- Prompt: The listing below is to be given again in full and word for word, without its images.

- Source material:
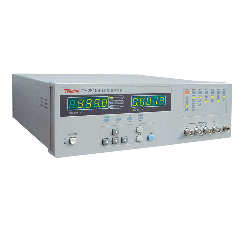 TH2810B型LCR數字電橋是一種測試速度快、精度高、測試范圍寬的通用阻抗測量儀器。 四個測試頻率點,最高至 10 kHz, 30 Ω 、100 Ω兩種不同信號源輸出阻抗可使儀器測量結果與眾多LCR結果相一致,同時也能適應陶瓷電容器對測量電平的要求?蓾M足生產線質量保證、進貨檢驗的測量要求。 技術參數
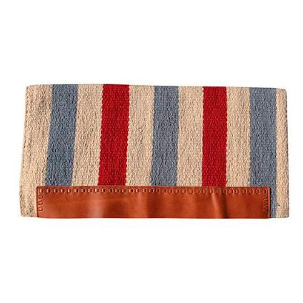 This traditional Navajo Saddle blanket is woven out of 100% wool. The double fold design provides just the right amount of protection. The authentic leather wear leathers protect the wool fibers from the saddle.
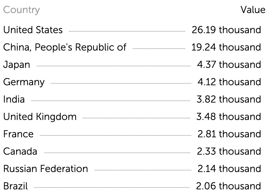 Here are the top 10 countries in terms of expected GDP for 2023 by the International Monetary Fund. Figures are in billions, so 26.19 thousand is $26.19 trillion. I know, weird, but it actually makes sense once you get into the sub-trillion dollar economies.
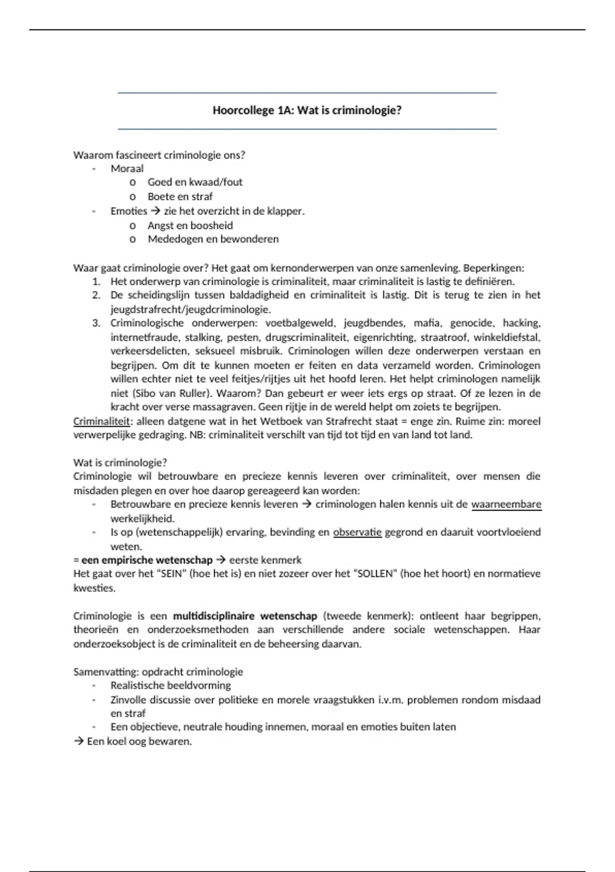 Inleiding Criminologie en Materieel Strafrecht

- Exercise solution:
 TH2810B型LCR數字電橋是一種測試速度快、精度高、測試范圍寬的通用阻抗測量儀器。 四個測試頻率點,最高至 10 kHz, 30 Ω 、100 Ω兩種不同信號源輸出阻抗可使儀器測量結果與眾多LCR結果相一致,同時也能適應陶瓷電容器對測量電平的要求?蓾M足生產線質量保證、進貨檢驗的測量要求。 技術參數
 This traditional Navajo Saddle blanket is woven out of 100% wool. The double fold design provides just the right amount of protection. The authentic leather wear leathers protect the wool fibers from the saddle.
 Here are the top 10 countries in terms of expected GDP for 2023 by the International Monetary Fund. Figures are in billions, so 26.19 thousand is $26.19 trillion. I know, weird, but it actually makes sense once you get into the sub-trillion dollar economies.
 Inleiding Criminologie en Materieel Strafrecht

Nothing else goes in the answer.